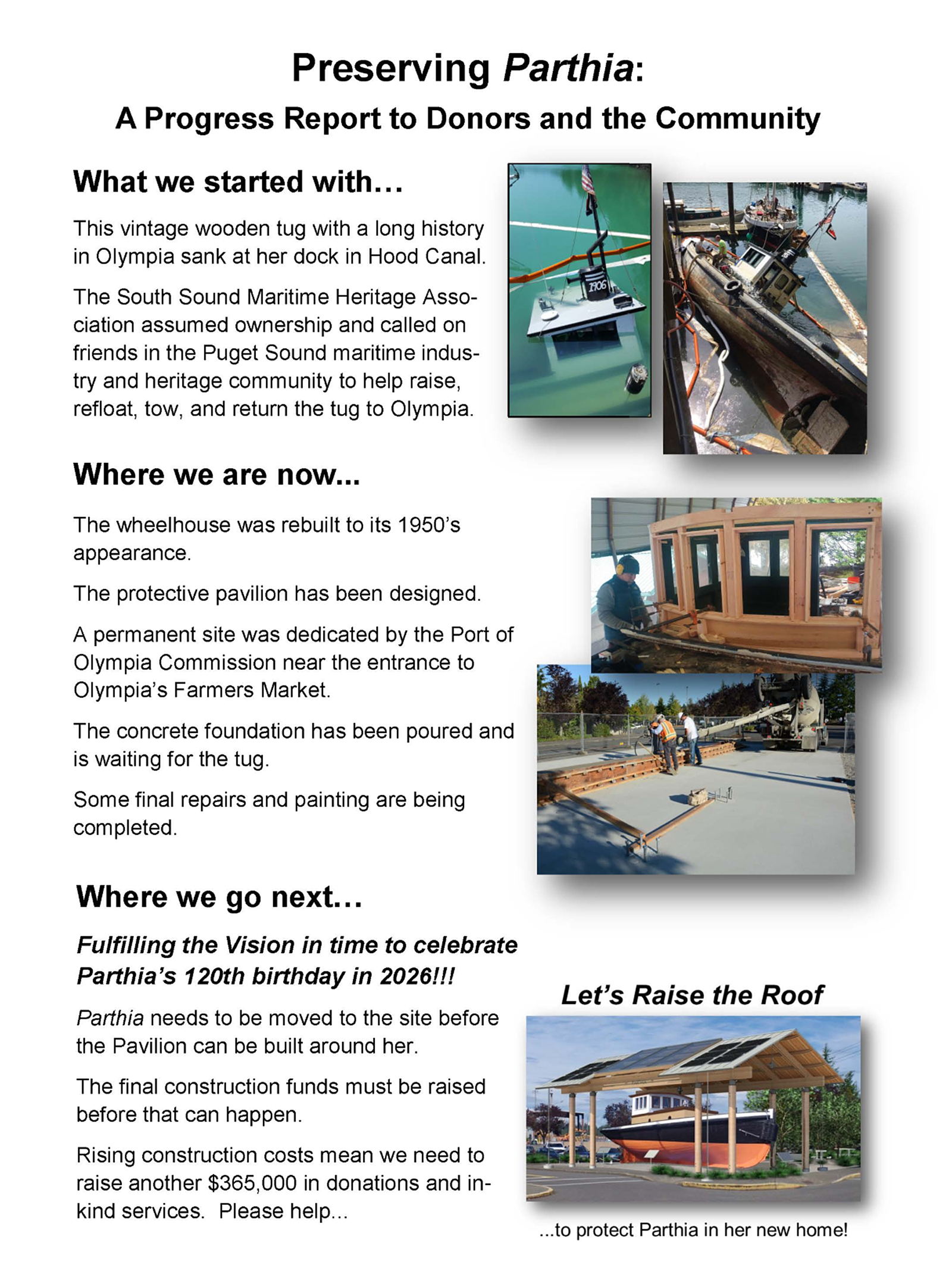 After the accidental sinking of the historic tugboat Parthia in 2017, the SSMHA and several dedicated businesses and individuals came together to rescue, salvage and restore this icon of the Olympia working waterfront and Harbor Days. She worked in our local Budd Inlet harbor for across four decades, from the 1930’s through the 1960’s, for Delta V. Smyth Tugs and Barges and the Foss Launch and Tug Company. Later owners brought her back to Olympia 26 times to participate in Harbor Days festivals, where she often won her tugboat race class. In the best interest of preserving her for future generations, it was decided she should rest on land where our community and visitors alike can enjoy her year-round. Of course, the pandemic delayed our efforts, but we are now making a major push to complete the project funding in the next few months. We hope to finish the construction soon so we can all celebrate Parthia’s 120th birthday in 2026.
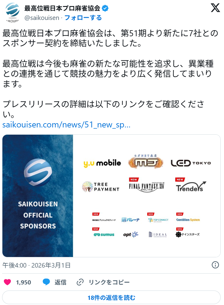 职业麻将团体“最高位战日本职业麻将协会”3月1日宣布,与新的7家公司签署了赞助协议。其中包含了史克威尔·艾尼克斯的《最终幻想14》,而受到广泛关注。
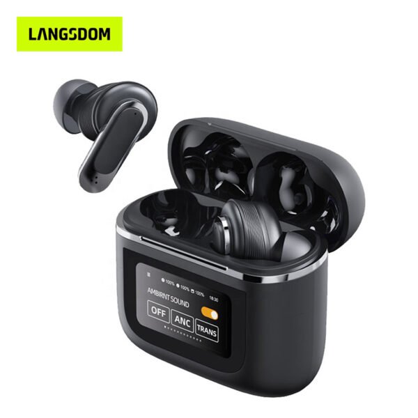 Auriculares Langsdom V8 con estuche interactivo y pantalla LED táctil a color. Ofrecen cancelación de ruido, conexión Bluetooth 5.4, sonido envolvente HiFi y hasta 20 horas de autonomía para disfrutar tu música sin interrupciones.
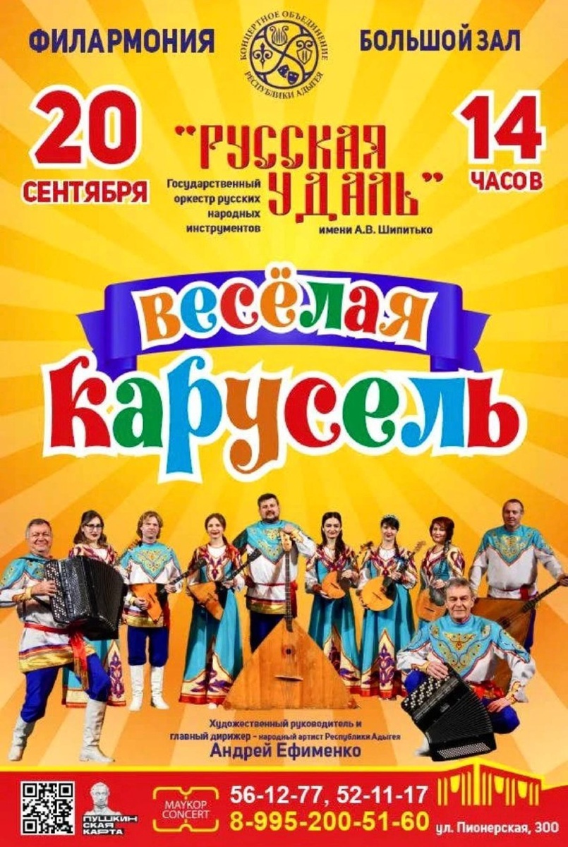 20 сентября в 14:00 в Филармонии КОРА состоится семейная концертная программа «Весёлая карусель», которую представит Государственный оркестр русских народных инструментов «Русская удаль» им. А.В. Шипитько Зрителей ждёт насыщенная программа: музыкальные сюрпризы, тематические игры и викторины, творческие подарки для юных гостей и их родителей. ▫️ Художественный руководитель и главный дирижёр — народный артист Республики Адыгея Андрей Ефименко ▫️ Дирижёр — Николай Кустов ▫️ Ведущая концерта — Ирина Ибрагимова 🟥Мероприятие входит в программу «Пушкинская карта» #новости_минкульт_РА #КОРА #РеспубликаАдыгея #Победа80
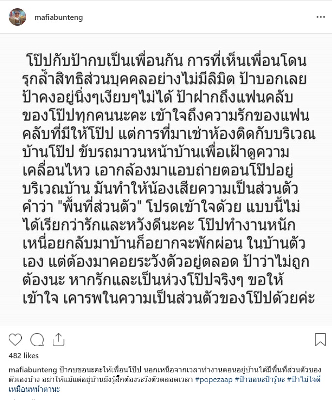 "โป๊ปกับป้ากบเป็นเพื่อนกัน การที่เห็นเพื่อนโดนรุกล้ำสิทธิส่วนบุคคลอย่างไม่มีลิมิต ป้าบอกเลยป้าคงอยู่นิ่ง ๆ เงียบ ๆ ไม่ได้ ป้าฝากถึงแฟนคลับของโป๊ปทุกคนนะคะ เข้าใจถึงความรักของแฟนคลับที่มีให้โป๊ป แต่การที่มาเช่าห้องติดกับบริเวณบ้านโป๊ป ขับรถมาวนหน้าบ้านเพื่อเฝ้าดูความเคลื่อนไหว เอากล้องมาแอบถ่ายตอนโป๊ปอยู่บริเวณบ้าน มันทำให้น้องเสียความเป็นส่วนตัว คำว่า "พื้นที่ส่วนตัว" โปรดเข้าใจด้วย แบบนี้ไม่ได้เรียกว่ารักและหวังดีนะคะ โป๊ปทำงานหนักเหนื่อยกลับมาบ้านก็อยากจะพักผ่อน ในบ้านตัวเอง แต่ต้องมาคอยระวังตัวอยู่ตลอด ป้าว่าไม่ถูกต้องนะ หากรักและเป็นห่วงโป๊ปจริง ๆ ขอให้เข้าใจ เคารพในความเป็นส่วนตัวของโป๊ปด้วยค่ะ"
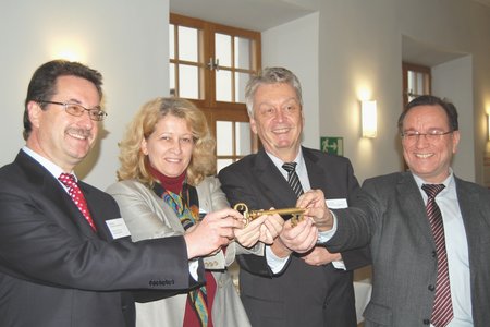 Foto 3: Archivfoto der Schlüsselübergabe am 17. Dezember 2009 (v. l. Prof. Dr. Robert F. Schmidt (damaliger Präsident der Hochschule Kempten), Prof. Dr. Uta M. Feser (Präsidentin der Hochschule Neu-Ulm), Prof. Dr.-Ing. Hans-Eberhard Schurk (damaliger Präsident der Hochschule Augsburg), Thomas Mayer (ehemaliger Direktor des Amtsgerichts Neu-Ulm). Bildnachweis: Illertisser Zeitung

▬▬▬▬▬▬

TO DO: With images excluded, write the records above out again exactly.

SOLUTION FOR THIS EXERCISE:
 After the accidental sinking of the historic tugboat Parthia in 2017, the SSMHA and several dedicated businesses and individuals came together to rescue, salvage and restore this icon of the Olympia working waterfront and Harbor Days. She worked in our local Budd Inlet harbor for across four decades, from the 1930’s through the 1960’s, for Delta V. Smyth Tugs and Barges and the Foss Launch and Tug Company. Later owners brought her back to Olympia 26 times to participate in Harbor Days festivals, where she often won her tugboat race class. In the best interest of preserving her for future generations, it was decided she should rest on land where our community and visitors alike can enjoy her year-round. Of course, the pandemic delayed our efforts, but we are now making a major push to complete the project funding in the next few months. We hope to finish the construction soon so we can all celebrate Parthia’s 120th birthday in 2026.
 职业麻将团体“最高位战日本职业麻将协会”3月1日宣布,与新的7家公司签署了赞助协议。其中包含了史克威尔·艾尼克斯的《最终幻想14》,而受到广泛关注。
 Auriculares Langsdom V8 con estuche interactivo y pantalla LED táctil a color. Ofrecen cancelación de ruido, conexión Bluetooth 5.4, sonido envolvente HiFi y hasta 20 horas de autonomía para disfrutar tu música sin interrupciones.
 20 сентября в 14:00 в Филармонии КОРА состоится семейная концертная программа «Весёлая карусель», которую представит Государственный оркестр русских народных инструментов «Русская удаль» им. А.В. Шипитько Зрителей ждёт насыщенная программа: музыкальные сюрпризы, тематические игры и викторины, творческие подарки для юных гостей и их родителей. ▫️ Художественный руководитель и главный дирижёр — народный артист Республики Адыгея Андрей Ефименко ▫️ Дирижёр — Николай Кустов ▫️ Ведущая концерта — Ирина Ибрагимова 🟥Мероприятие входит в программу «Пушкинская карта» #новости_минкульт_РА #КОРА #РеспубликаАдыгея #Победа80
 "โป๊ปกับป้ากบเป็นเพื่อนกัน การที่เห็นเพื่อนโดนรุกล้ำสิทธิส่วนบุคคลอย่างไม่มีลิมิต ป้าบอกเลยป้าคงอยู่นิ่ง ๆ เงียบ ๆ ไม่ได้ ป้าฝากถึงแฟนคลับของโป๊ปทุกคนนะคะ เข้าใจถึงความรักของแฟนคลับที่มีให้โป๊ป แต่การที่มาเช่าห้องติดกับบริเวณบ้านโป๊ป ขับรถมาวนหน้าบ้านเพื่อเฝ้าดูความเคลื่อนไหว เอากล้องมาแอบถ่ายตอนโป๊ปอยู่บริเวณบ้าน มันทำให้น้องเสียความเป็นส่วนตัว คำว่า "พื้นที่ส่วนตัว" โปรดเข้าใจด้วย แบบนี้ไม่ได้เรียกว่ารักและหวังดีนะคะ โป๊ปทำงานหนักเหนื่อยกลับมาบ้านก็อยากจะพักผ่อน ในบ้านตัวเอง แต่ต้องมาคอยระวังตัวอยู่ตลอด ป้าว่าไม่ถูกต้องนะ หากรักและเป็นห่วงโป๊ปจริง ๆ ขอให้เข้าใจ เคารพในความเป็นส่วนตัวของโป๊ปด้วยค่ะ"
 Foto 3: Archivfoto der Schlüsselübergabe am 17. Dezember 2009 (v. l. Prof. Dr. Robert F. Schmidt (damaliger Präsident der Hochschule Kempten), Prof. Dr. Uta M. Feser (Präsidentin der Hochschule Neu-Ulm), Prof. Dr.-Ing. Hans-Eberhard Schurk (damaliger Präsident der Hochschule Augsburg), Thomas Mayer (ehemaliger Direktor des Amtsgerichts Neu-Ulm). Bildnachweis: Illertisser Zeitung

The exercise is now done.